_PROBLEM DETAILS:_ Once the pictures are removed, restate the data below word for word.

_RECORDS SUPPLIED:_
▬▬▬

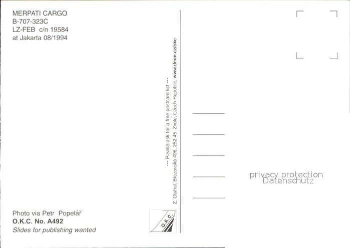 Flugzeuge Zivil Merpati Cargo B-707-323C LZ-FEB c/n 19584 postalisch nicht gelaufen Erhaltung siehe scans
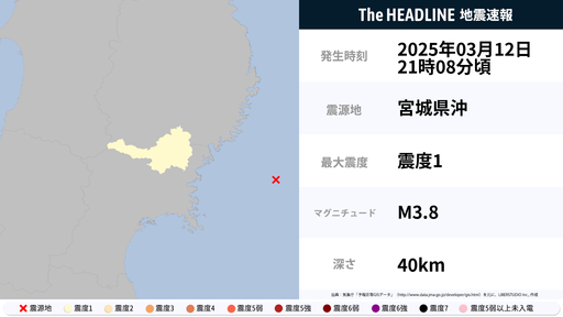 3月12日21時8分頃、岩手県で最大震度1の地震を観測
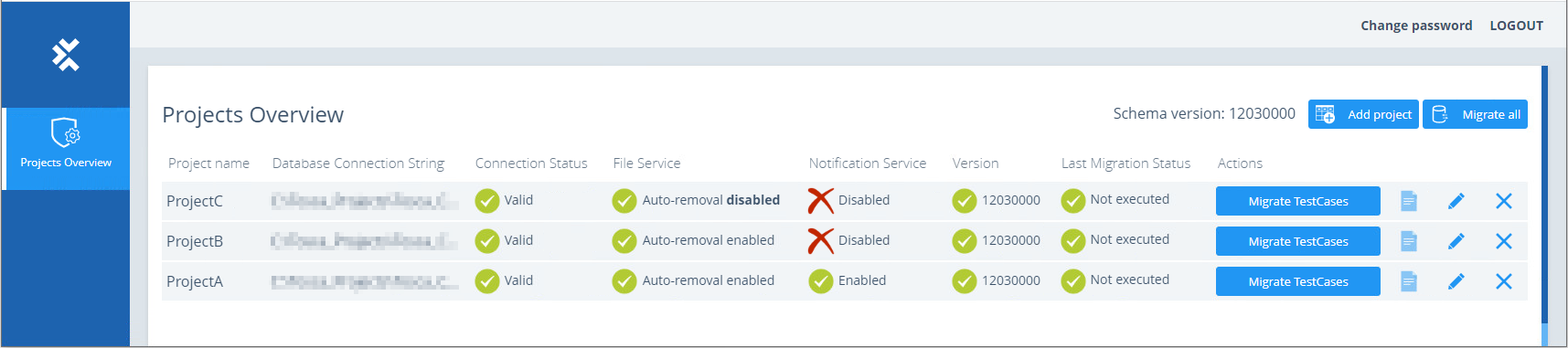 Überprüfen Sie, ob Projekte den Tricentis File Service oder den Tricentis Notification Service verwenden. Für den File Service sehen Sie auch, ob die automatische Löschung aktiviert oder deaktiviert ist. Wenn Sie diese Konfigurationen für ein Projekt ändern möchten, bearbeiten Sie sie.
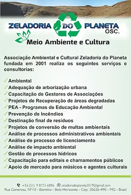 A Associação Ambiental e Cultural Zeladoria do Planeta representa a sociedade civil em instâncias importantes do meio ambiente em Minas Gerais, como o COPAM (Conselho Estadual de Política Ambiental) e várias Câmaras Técnicas (CID, CMI, CNR, URCs).
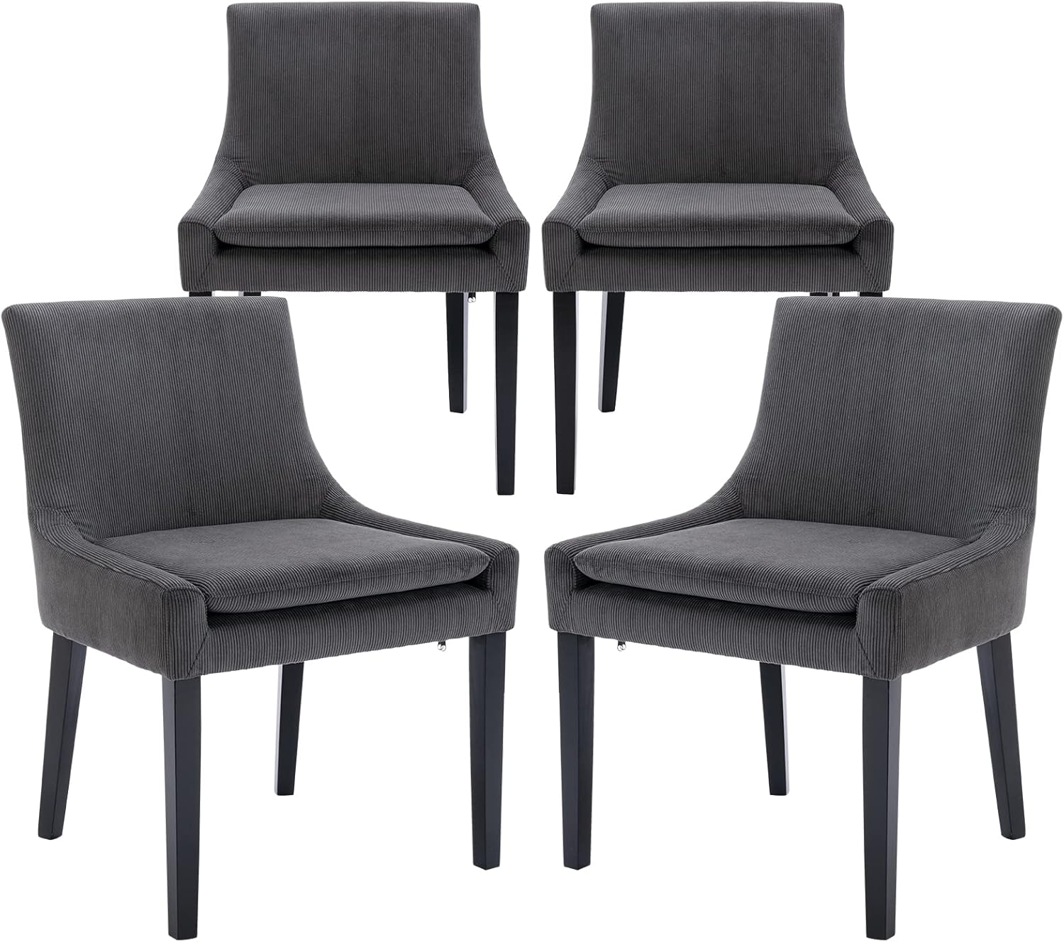 COLAMY Modern Dining Chairs Set of 4, Upholstered Corduroy Accent Side Leisure Chairs with Mid Back and Wood Legs for Living Room/Dining Room-Grey

▬▬▬

_RESPONSE BELOW:_
 Flugzeuge Zivil Merpati Cargo B-707-323C LZ-FEB c/n 19584 postalisch nicht gelaufen Erhaltung siehe scans
 3月12日21時8分頃、岩手県で最大震度1の地震を観測
 Überprüfen Sie, ob Projekte den Tricentis File Service oder den Tricentis Notification Service verwenden. Für den File Service sehen Sie auch, ob die automatische Löschung aktiviert oder deaktiviert ist. Wenn Sie diese Konfigurationen für ein Projekt ändern möchten, bearbeiten Sie sie.
 A Associação Ambiental e Cultural Zeladoria do Planeta representa a sociedade civil em instâncias importantes do meio ambiente em Minas Gerais, como o COPAM (Conselho Estadual de Política Ambiental) e várias Câmaras Técnicas (CID, CMI, CNR, URCs).
 COLAMY Modern Dining Chairs Set of 4, Upholstered Corduroy Accent Side Leisure Chairs with Mid Back and Wood Legs for Living Room/Dining Room-Grey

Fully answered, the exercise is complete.